→ **Directions**: Begin at the line that holds "Do you like" and retype every line through the end of the material, both included. Leave out the pictures.

→ **Available data**:

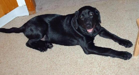 Black Lab, German Sheppard and Border Collie all wrapped up into 90 pounds of too much energy..........I'd post a pic, but the damn dog wont sit still long enough <grin>
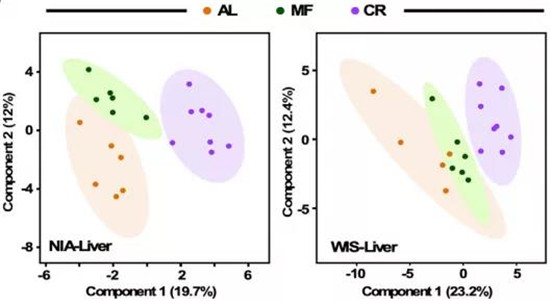 NIA和WIS饮食方案下,小鼠随意进食(AL)、只吃一顿(MF)和热量限制(CR)肝脏代谢组的差异
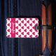 Do you like cute luggage tags? This luggage tag has a fun pink raspberry pattern and text you can personalise!
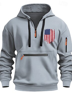 Homens Moletom Estacionar Quarter Zipper Hoodie Azul Preto Vinho Azul Marinha Camelo Com Capuz American US Flag Bolsos Imprimir Diário Desportos e Ar livre Feriado Roupa de rua Roupa de Esporte Casual

→ **Response to the exercise**:
 Do you like cute luggage tags? This luggage tag has a fun pink raspberry pattern and text you can personalise!
 Homens Moletom Estacionar Quarter Zipper Hoodie Azul Preto Vinho Azul Marinha Camelo Com Capuz American US Flag Bolsos Imprimir Diário Desportos e Ar livre Feriado Roupa de rua Roupa de Esporte Casual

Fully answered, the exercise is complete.